Following the 2014 coup, while the military junta (the National Council for Peace and Order; NCPO) was successfully repressing pro-democracy activists with diktats restricting freedom of expression, Pai and other Dao Din members peacefully protested Prime Minister General Prayut Chan-o-cha at a function in Khon Kaen by flashing the three-finger Hunger Games salute in front of him.

Jatupat was arrested alongside other members of the Dao Din Group on 22 May 2015 and detained; he was later released pending an investigation. On 6 August 2016, he was arrested for distributing flyers protesting the new draft charter, which was being put to a referendum, under Article 61(2) of the Referendum Act, which effectively penalised campaigning against the Charter. He went on hunger strike and was released on bail.

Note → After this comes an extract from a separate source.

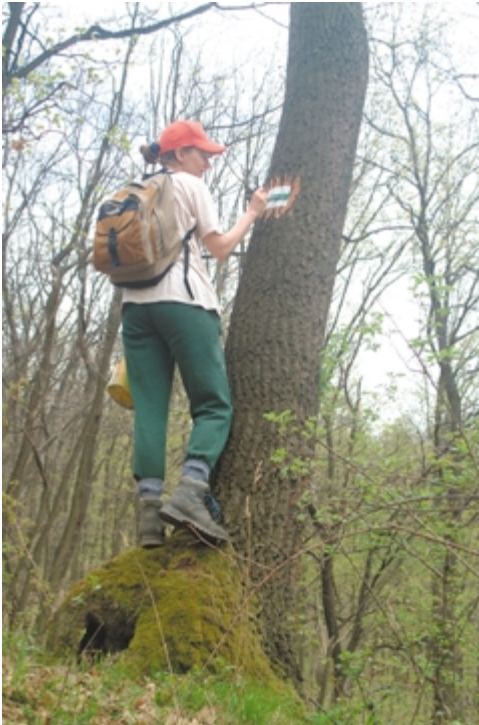
A színes sáv festése

záfoghatunk az alap: a fehér szín festéséhez. A festéket Egyesületünk titkársága részéről kijelölt festéküzletben, utalvány alapján beszerezhetjük. Az ecsetet vagy titkárságunk adja ki elismervény ellenében, vagy pedig az Egyesület költségére magunk vásárolhatjuk meg valamely háztartási cikket árusító üzletben. Inkább kis ecsetet válasszunk (rövid, kevés szőrrel), mert különben a dús és hosszúszerű ecsetet dróttal vagy spárgával kellene lekötnünk, ami bizonyos gyakorlottság hiányában rosszul sikerül. A nagy ecset a festendő, aránylag nem nagy négyszögekhez képest túlsok festéket vesz magába s a fölösleges festék ruhánkra csöpög, de a jelzést is elronthatja.

On 22 May 2017, for violating the NCPO Head's Order No. 3/2015 for participating in a gathering of over five people on 22 May 2015 to commemorate the May 2014 coup d’état, Jatupat was taken to the Military Court of Khon Kaen Province for trial together with seven other democracy activists.

In June 2017, Jatupat finished his bachelor's degree while being in prison.

== Arrest and imprisonment for lèse-majesté ==
Jatupat was accused of lèse majesté and was arrested on 3 December 2016 for "sharing" on his Facebook page a BBC Thai biography of King Vajiralongkorn as well as distributing material against Thailand's draft constitution. He was the first person to be arrested for lèse majesté during the new King's reign. While over 2,800 people shared the article on Facebook and it was read by millions, he was the only person to be arrested for lèse majesté.

After being bailed, Jatupat immediately posted a satirical Facebook message criticising the authorities. In a landmark bail hearing ruling, the court ruled that "the accused displayed behaviour via social media in a manner which ridiculed the authority of the state without fear of the nation’s laws, causing damage to the nation. The accused also had a tendency of acting in this way repeatedly." His bail was revoked on 22 December.

Jatupat initially pleaded innocent as he wanted to utilize his case to demonstrate to the public the injustices of the judicial process. However, after the court decided on a secret trial, in August 2017, he pleaded guilty and was sentenced to two and a half years in prison, on 16 August. Of the 2,600 persons who shared the biography online, Jatupat was the only one prosecuted. Several human rights groups have voiced outrage at the persecution of Jatupat and have initiated movements calling for justice. While in prison, Jatupat wrote poetry.

On 21 December 2017, while facing another charge related to holding an activity “Speaking for Freedom”, he testified at the military court at the Sripatcharin Camp of 23rd Royal Army Base while wearing his university graduation gown over his prison uniform.

On 7 January 2018, local villagers in Wang Saphung District, Loei Province, while issuing a statement regarding their struggle to protect the community and environment from gold mining, wore Jatupat masks in a show of solidarity.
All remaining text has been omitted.